Compiler cache is typically useful for:

  • Developers who rebuild the same/similar codebase multiple times and use /etc/portage/patches to test patches.
  • Users who frequently play with USE-flag changes and end up rebuilding the same packages multiple times.
  • Users who use live ebuilds extensively.
  • Installing very big ebuilds, such as Chromium or LibreOffice, without fear of losing multiple hours of code compilation due to a failure.

Installation

Emerge

root #emerge --ask dev-util/ccache

Configuration

Initial setup

Create the cache directory:

root #mkdir -p /gentoo/ccache
root #chown root:portage /gentoo/ccache
root #chmod 2775 /gentoo/ccache

Set initial configuration file:

FILE /gentoo/ccache/ccache.conf
# Maximum cache size to maintain
max_size = 100.0G

# Allow others to run 'ebuild' and share the cache.
umask = 002

# Preserve cache across GCC rebuilds and
# introspect GCC changes through GCC wrapper.
compiler_check = %compiler% -v

# I expect 1.5M files. 300 files per directory.
cache_dir_levels = 3

Enable ccache support in make.conf:

FILE /etc/portage/make.conf
FEATURES="${FEATURES} ccache"
CCACHE_DIR="/gentoo/ccache"

Done! From now on all builds will try to reuse object files from /gentoo/ccache cache.

Man page

Manual page for dev-util/ccache (see man ccache) is a great source of various knobs to make caching more robust and aggressive.

General notes

ccache works by prepending /usr/lib/ccache/bin to PATH variable:

user $ls -l /usr/lib/ccache/bin
...
c++ -> /usr/bin/ccache
c99 -> /usr/bin/ccache
x86_64-pc-linux-gnu-c++ -> /usr/bin/ccache
...

FEATURES="ccache" triggers the same behavior in portage.

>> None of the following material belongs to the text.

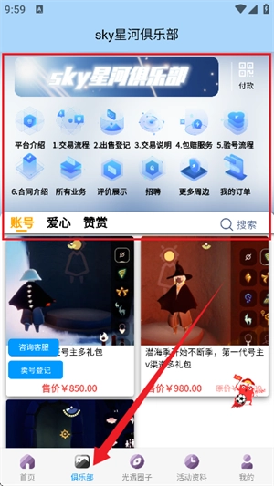 4、于【俱乐部】内,玩家能够开展账号交易,还能够买到更多游戏周边。详情如图所示。
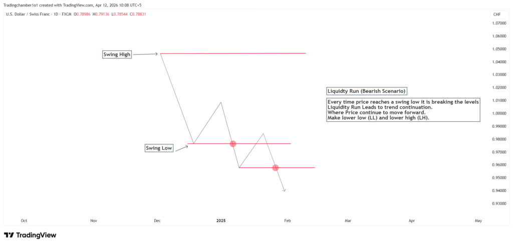 - Bearish Trend: The market is running swing lows and sweeping swing highs. This shows the sellers are in total control.

You can also enable ccache for your current user and reuse the same cache directory:

FILE ~/.bashrc
export PATH="/usr/lib/ccache/bin${PATH:+:}$PATH"
export CCACHE_DIR="/gentoo/ccache"

Useful variables and commands

Some variables:

  • Variable CCACHE_DIR points to cache root directory.
  • Variable CCACHE_RECACHE allows evicting old cache entries with new entries:
root #CCACHE_RECACHE=yes emerge --oneshot cat/pkg

See man ccache for many more variables.

Some commands:

  • Command ccache -s shows cache hit statistics:
user $CCACHE_DIR=/gentoo/ccache ccache -s
cache directory                     /gentoo/ccache
primary config                      /gentoo/ccache/ccache.conf
secondary config      (readonly)    /etc/ccache.conf
stats zero time                     Fri Sep  7 07:24:24 2018
cache hit (direct)                114988
cache hit (preprocessed)           38254
cache miss                        246428
cache hit rate                     38.34 %
...
files in cache                    603419
cache size                          16.9 GB
max cache size                     100.0 GB
  • Command ccache -C drops all caches:
user $CCACHE_DIR=/gentoo/ccache/ ccache -C

See man ccache for many more commands.

Gentoo specifics/gotchas

gcc is a wrapper

For sys-devel/gcc-config before 2.0 gcc used to be a wrapper binary. This means by default ccache is not safe to use and leads to errors like bug #640958. sys-devel/gcc-config-2.0 will fix it.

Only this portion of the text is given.